**Exercise**:
Please output the entries that follow exactly, without a single image.

-------------------------

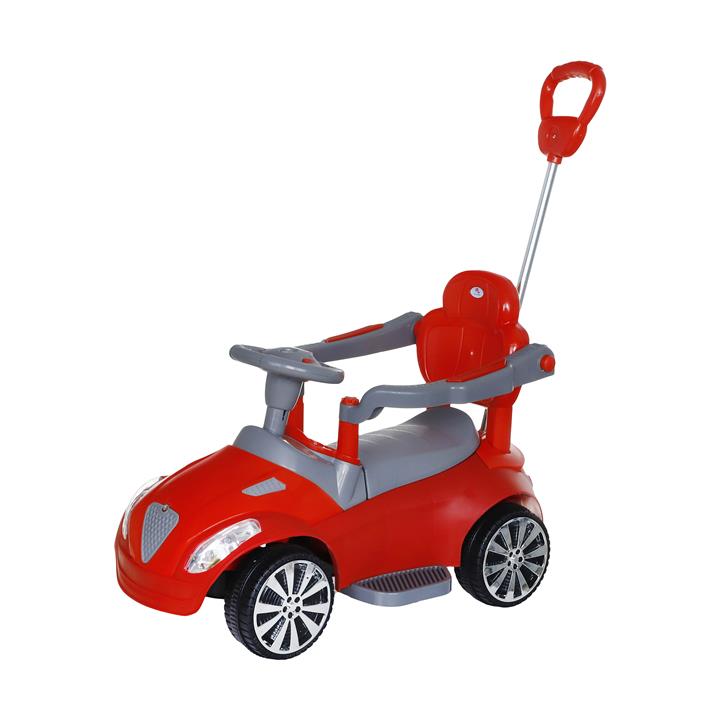 - جنس: پلاستیک پلی پروپیلن (P.P) - مناسب سنین 2 تا 5 سال - ظرفیت وزنی: 20 کیلوگرم - دسته فلزی با طول 60 سانتیمتر - پخش صدای موزیکال با فشردن دکمه روی فرمان (منبع تامین برق: 2 عدد باتری قلمی) - کنترل توسط والدین (دسته متصل به ماشین) - فرمان بدون قابلیت چرخش چرخها - باز و بسته شدن دستههای کنار صندلی - دارای محفظه باز شو زیر صندلی - وزن چهار چرخه: 5.5 کیلوگرم
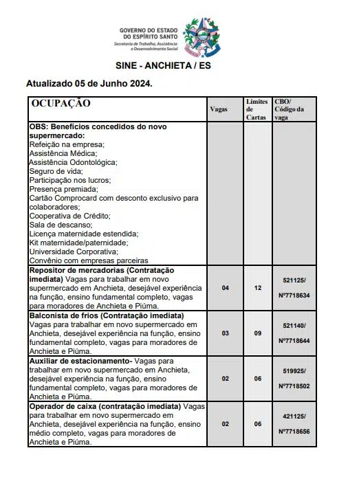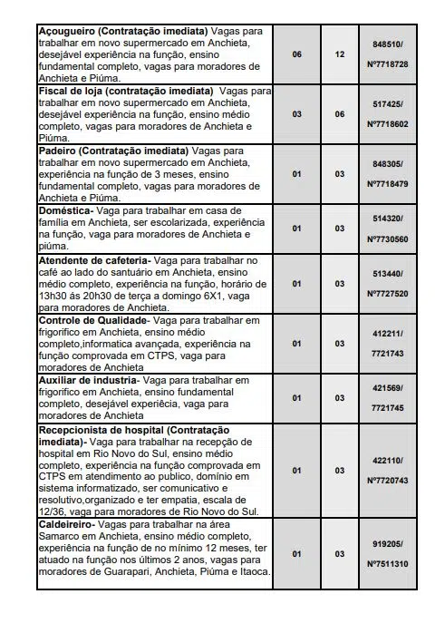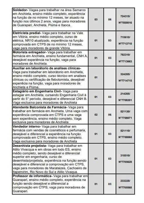 Ainda segundo o Sine Anchieta, as vagas de empregos poderão sofrer alteração sem aviso prévio. Além disso, para cada oportunidade, há um limite de encaminhamento especificado pela empresa.
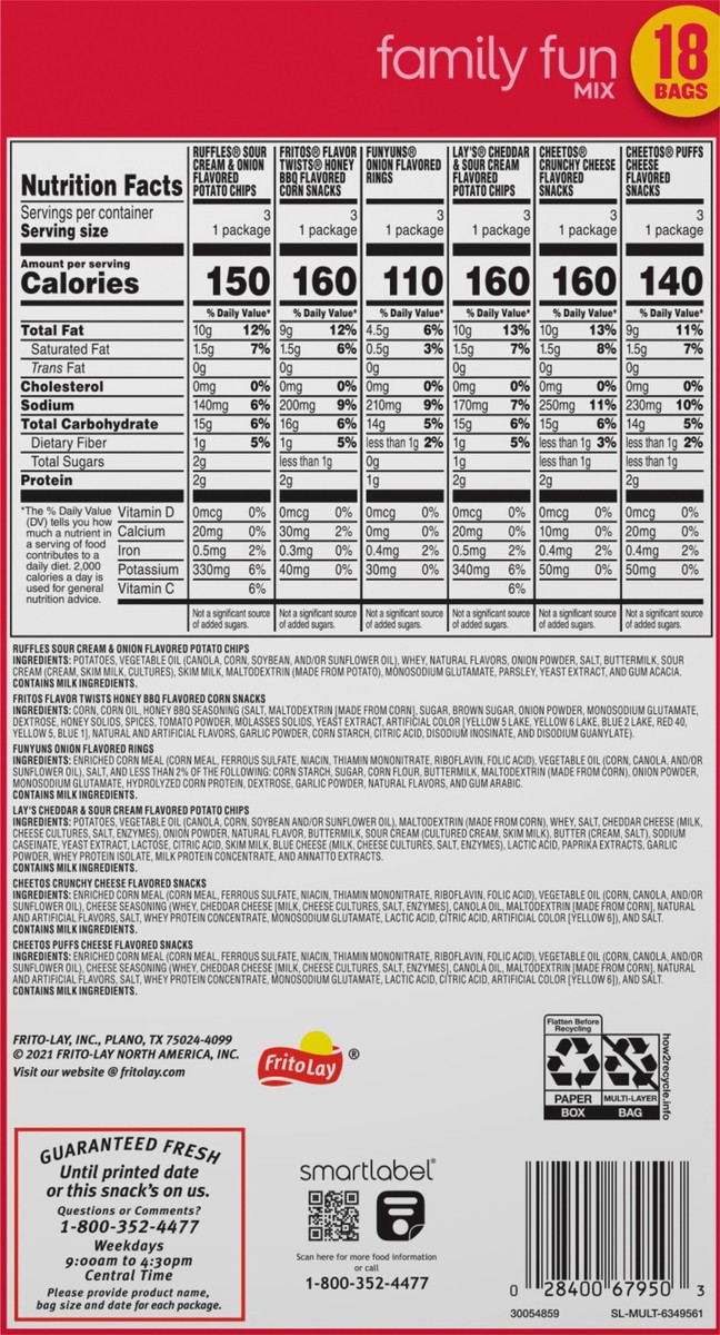Frito Lay Family Fun Mix Variety Pack - 18 Count
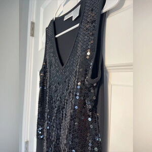 WORTHINGTON Black Sequins Front Sleeveless V-Neck Tank Style TOP, Size M Petite
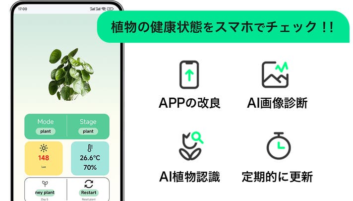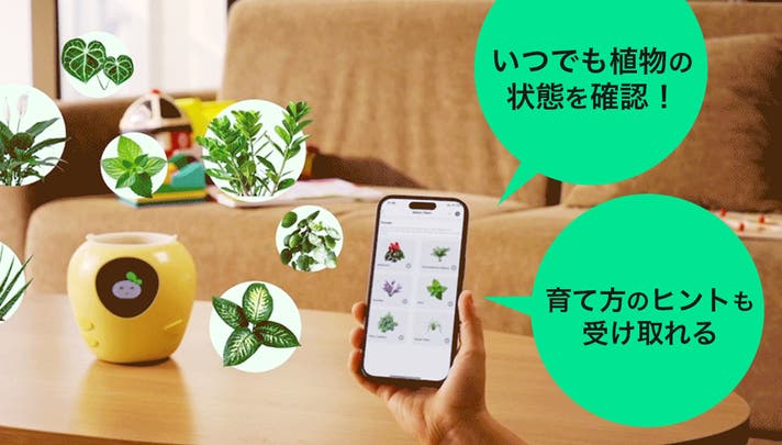 スマホで植物の状態を確認可能。AIが育て方をサポートします。
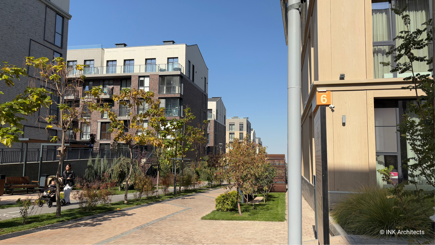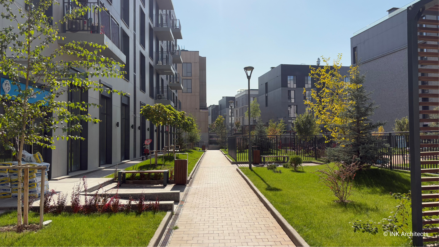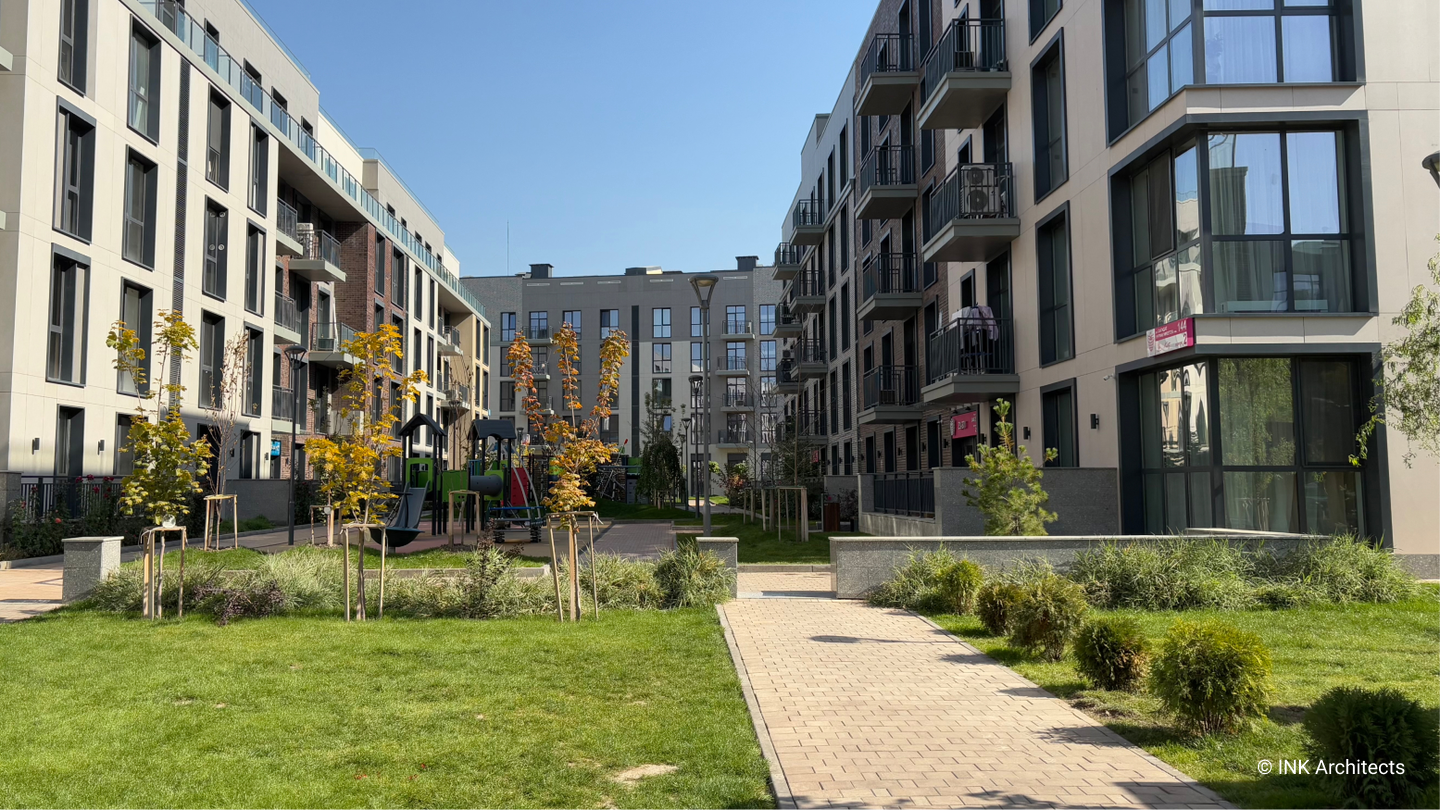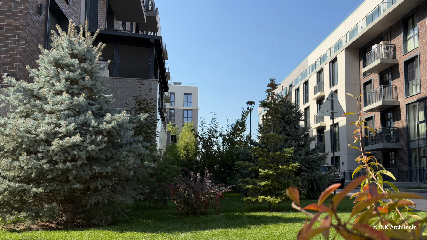 The residents will benefit from 2-4 story buildings, living in a compact and dense neighborhood that boosts the sense of community and overall well-being. The architecture of the complex merges neo-classic and modern architecture styles, featuring facades and building materials that differ from house to house to create visual diversity and a sense of space. The facades' finish incorporates high-quality and eco-friendly modern materials such as natural stone, clinker bricks, ventilated HPL panels, and aluminum facade panels. Vertical landscaping is also provided for creating cozy green courtyard spaces that offer a pleasant environment for the residents.
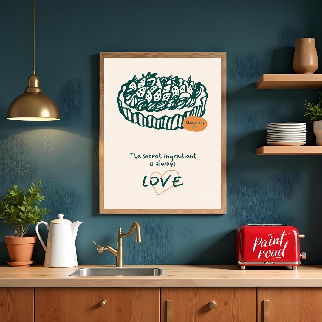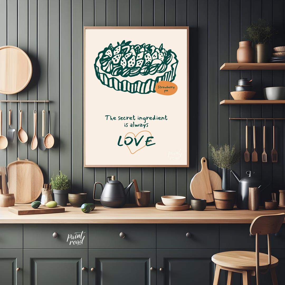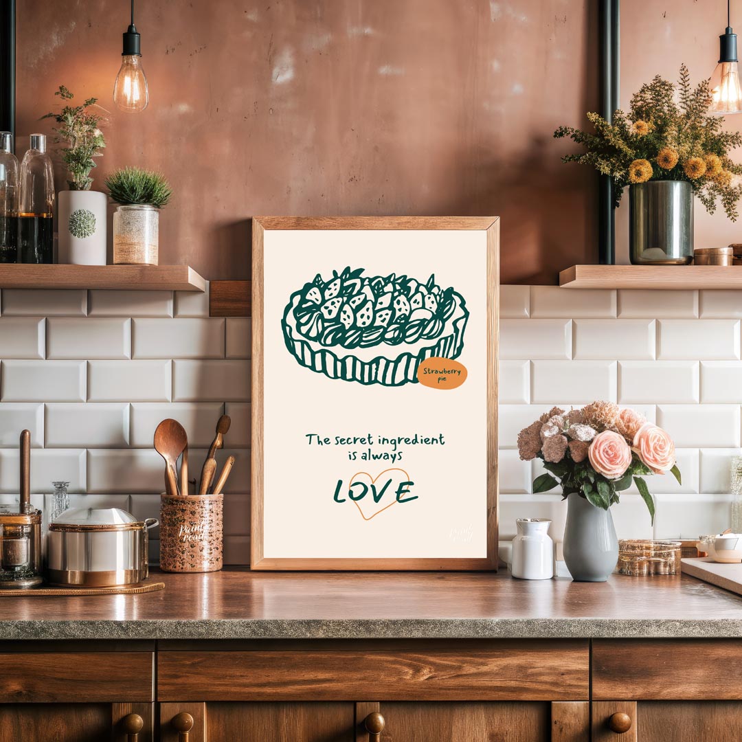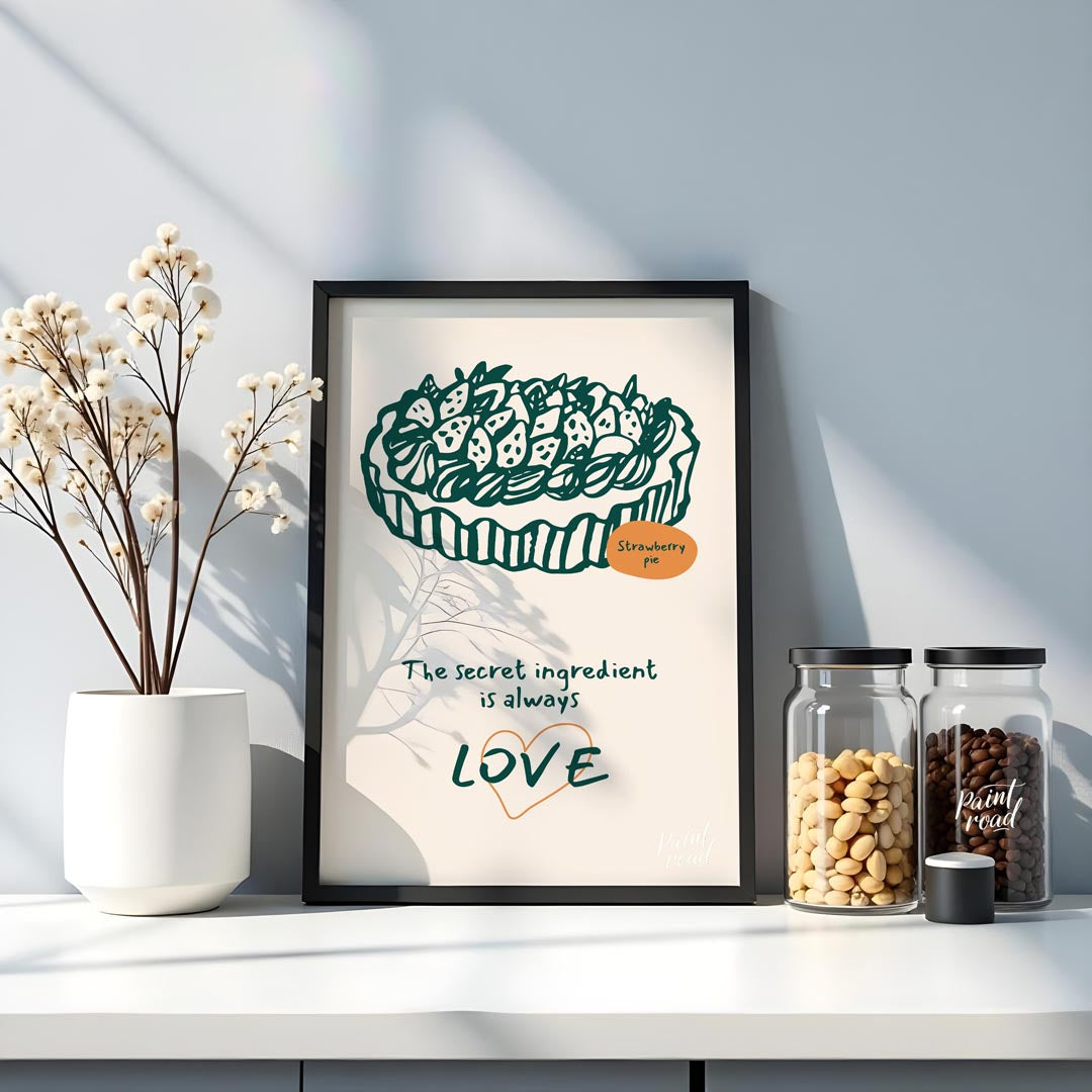 This heartwarming poster showcases a delightful line art illustration of a generously topped strawberry pie, rendered in a deep green against a soft, light background. The intricate details of the strawberries and crust are charmingly depicted. A small orange oval labels the dessert "Strawberry pie," adding a touch of color and clarity. Below the appetizing illustration, the profound message "The secret ingredient is always LOVE" is inscribed in a flowing, handwritten font. The word "LOVE" is notably larger and stands out with a subtle orange heart outline, emphasizing the emotional core of the message. This poster celebrates the sentiment that homemade food, especially desserts, is made more special with affection. It's an ideal piece for a kitchen, dining room, bakery, or a cozy living space, appealing to bakers, home cooks, and anyone who cherishes the heartfelt aspect of food and family.
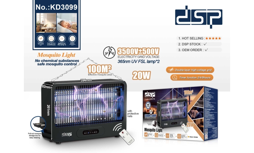 Χαρακτηριστικά:Ισχύς: 20WΤροφοδοσία ρεύματος,Κάλυψη έως 100τμ. ,2 σωληνωτές λάμπες φθορίου, μήκους κύματος 365nm με ισχύ τάσης 3500V και διάρκεια ζωής έως 6000 ώρες,Χρονοδιακόπτης για 2/4/8 ώρες,Συλλέκτης κουνουπιών αφαιρούμενος και πλενόμενος,Προστατευτικό πλέγμα,Αλυσίδα-χειρολαβή-κρεμάστρα,Τηλεχειριστήριο πλήρους χειρισμού, Διαστάσεις: 39.4 x 26 x 9.2 cm.
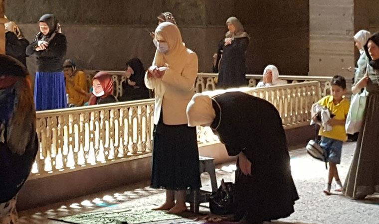 Meral Akşener, saat 15.00 sıralarında Ayasofya'ya geldi. Akşener makam aracından indiği sırada kendisini görüntülemek isteyen gazetecilere el salladı. Akşener'in Ayasofya bahçesine girer girmez başına beyaz şal örttüğü görüldü. Meral Akşener'e ziyareti sırasında eşi, oğlu ve yeğeni eşlik etti. Meral Akşener'in ziyareti yaklaşık yarım saat sürdü.

-------------------------

**Your response**:
 - جنس: پلاستیک پلی پروپیلن (P.P) - مناسب سنین 2 تا 5 سال - ظرفیت وزنی: 20 کیلوگرم - دسته فلزی با طول 60 سانتیمتر - پخش صدای موزیکال با فشردن دکمه روی فرمان (منبع تامین برق: 2 عدد باتری قلمی) - کنترل توسط والدین (دسته متصل به ماشین) - فرمان بدون قابلیت چرخش چرخها - باز و بسته شدن دستههای کنار صندلی - دارای محفظه باز شو زیر صندلی - وزن چهار چرخه: 5.5 کیلوگرم
 Ainda segundo o Sine Anchieta, as vagas de empregos poderão sofrer alteração sem aviso prévio. Além disso, para cada oportunidade, há um limite de encaminhamento especificado pela empresa.
Frito Lay Family Fun Mix Variety Pack - 18 Count
 WORTHINGTON Black Sequins Front Sleeveless V-Neck Tank Style TOP, Size M Petite
 スマホで植物の状態を確認可能。AIが育て方をサポートします。
 The residents will benefit from 2-4 story buildings, living in a compact and dense neighborhood that boosts the sense of community and overall well-being. The architecture of the complex merges neo-classic and modern architecture styles, featuring facades and building materials that differ from house to house to create visual diversity and a sense of space. The facades' finish incorporates high-quality and eco-friendly modern materials such as natural stone, clinker bricks, ventilated HPL panels, and aluminum facade panels. Vertical landscaping is also provided for creating cozy green courtyard spaces that offer a pleasant environment for the residents.
 This heartwarming poster showcases a delightful line art illustration of a generously topped strawberry pie, rendered in a deep green against a soft, light background. The intricate details of the strawberries and crust are charmingly depicted. A small orange oval labels the dessert "Strawberry pie," adding a touch of color and clarity. Below the appetizing illustration, the profound message "The secret ingredient is always LOVE" is inscribed in a flowing, handwritten font. The word "LOVE" is notably larger and stands out with a subtle orange heart outline, emphasizing the emotional core of the message. This poster celebrates the sentiment that homemade food, especially desserts, is made more special with affection. It's an ideal piece for a kitchen, dining room, bakery, or a cozy living space, appealing to bakers, home cooks, and anyone who cherishes the heartfelt aspect of food and family.
 Χαρακτηριστικά:Ισχύς: 20WΤροφοδοσία ρεύματος,Κάλυψη έως 100τμ. ,2 σωληνωτές λάμπες φθορίου, μήκους κύματος 365nm με ισχύ τάσης 3500V και διάρκεια ζωής έως 6000 ώρες,Χρονοδιακόπτης για 2/4/8 ώρες,Συλλέκτης κουνουπιών αφαιρούμενος και πλενόμενος,Προστατευτικό πλέγμα,Αλυσίδα-χειρολαβή-κρεμάστρα,Τηλεχειριστήριο πλήρους χειρισμού, Διαστάσεις: 39.4 x 26 x 9.2 cm.
 Meral Akşener, saat 15.00 sıralarında Ayasofya'ya geldi. Akşener makam aracından indiği sırada kendisini görüntülemek isteyen gazetecilere el salladı. Akşener'in Ayasofya bahçesine girer girmez başına beyaz şal örttüğü görüldü. Meral Akşener'e ziyareti sırasında eşi, oğlu ve yeğeni eşlik etti. Meral Akşener'in ziyareti yaklaşık yarım saat sürdü.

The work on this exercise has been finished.